In a statement on its website, organizers said it is "with deep regret that there will be no Comic-Con in 2020," marking the first time in the event's 50-year history it would not be held.

"Extraordinary times require extraordinary measures and while we are saddened to take this action, we know it is the right decision," said Comic-Con spokesperson David Glanzer. "We eagerly look forward to the time when we can all meet again and share in the community we all love and enjoy."

The event, which was expected to draw more than 100,000 people, was scheduled to be held July 23-26. It will now take place almost a year to the day later, kicking off July 22-25, 2021.

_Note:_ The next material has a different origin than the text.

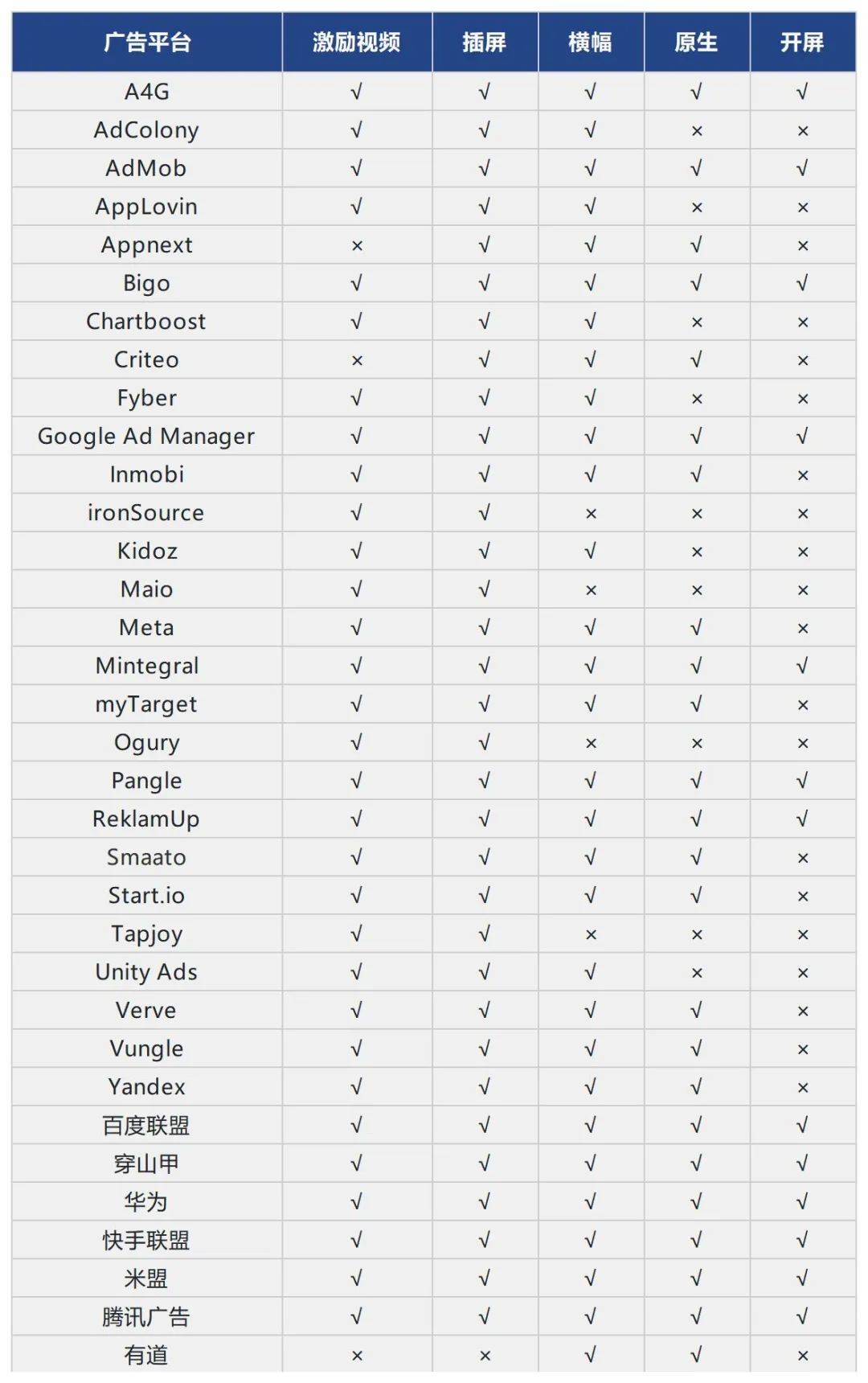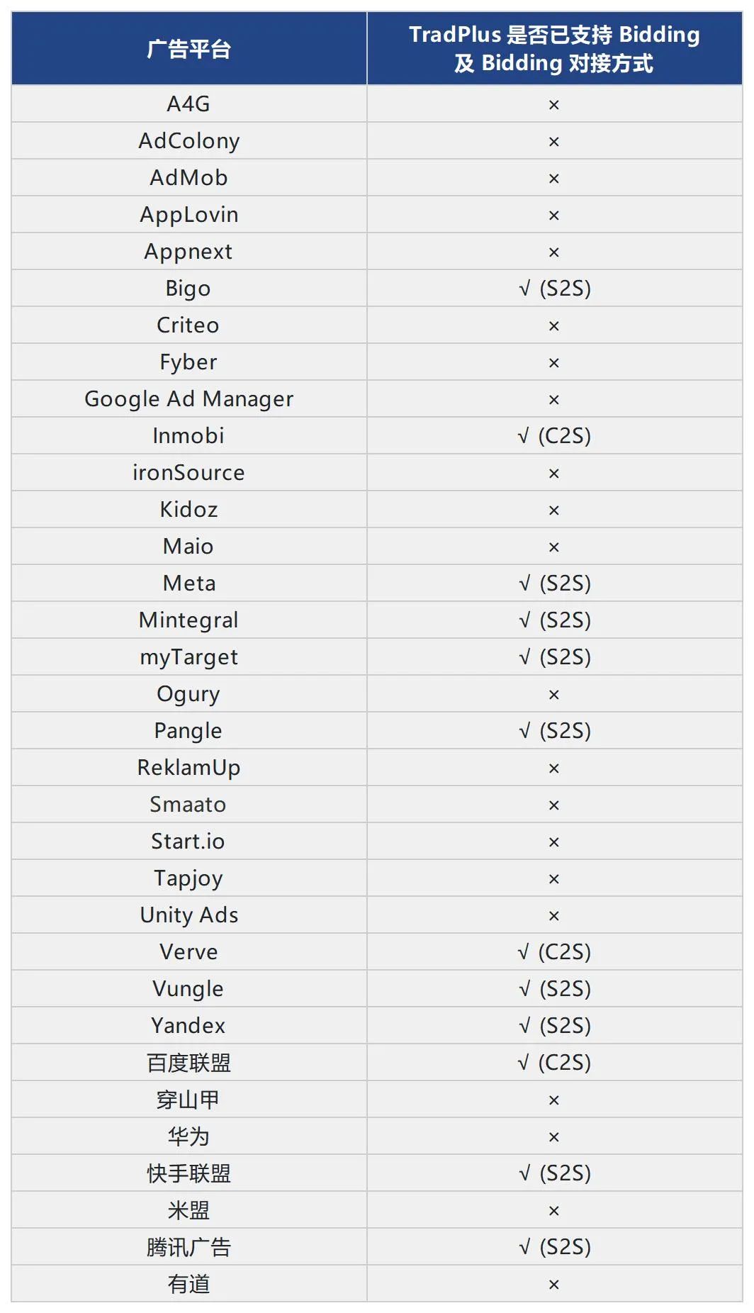 此外,Bidding 是广告平台的主流趋势,是否支持 Bidding 也是判断广告平台规模的标准之一。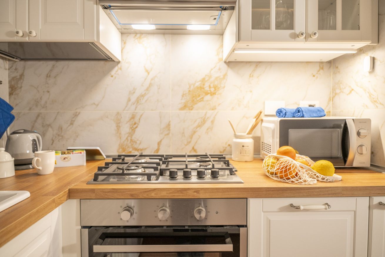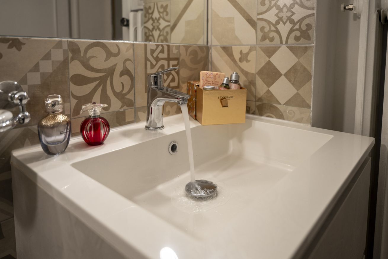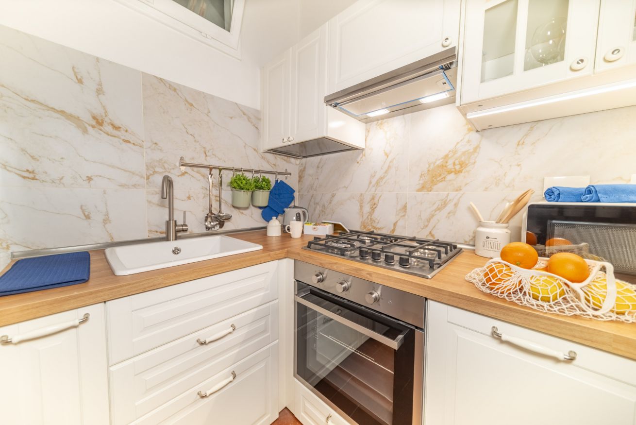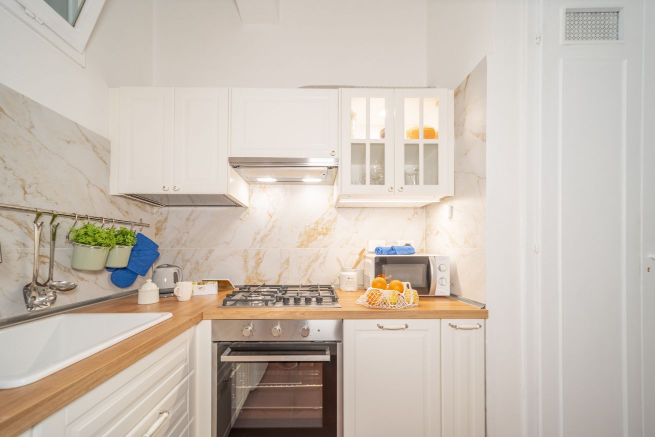 In questo appartamento spazioso e curato vi accoglierà subito un comodo soggiorno, arredato con toni caldi che completano il pavimento in cotto, mobili antichi e oggetti di design unici: qui potrete rilassarvi nel salottino dopo una lunga giornata di esplorazione, o concedervi una cena tranquilla nella zona pranzo. Subito accanto troverete la cucina, moderna e completamente accessoriata, e la splendida camera da letto, con il soffitto di travi a vista e il comodissimo letto matrimoniale, oltre ad una doccia aggiuntiva. A vostra disposizione, anche un delizioso bagno appena rinnovato e un bagnetto di servizio.

Comic-Con — which launched as a small comic-book themed event — is now a powerhouse summer festival that attracts major figures from movies and television. It's one of the biggest fan events of the year; last year more than 135,000 people attended, and not just for comics, but for interactive experiences, signings and big announcements about the latest Marvel movies.

SDCC officials said fans who bought passes for Comic-Con 2020 can either request a refund or transfer their badges to next year. The same offer is being made to the event's exhibitors.

Organizers also announced that a previously postponed event, Anaheim WonderCon — originally set for April 10-12 — will also be pushed to 2021. It will be held at California's Anaheim Convention Center from March 26-28.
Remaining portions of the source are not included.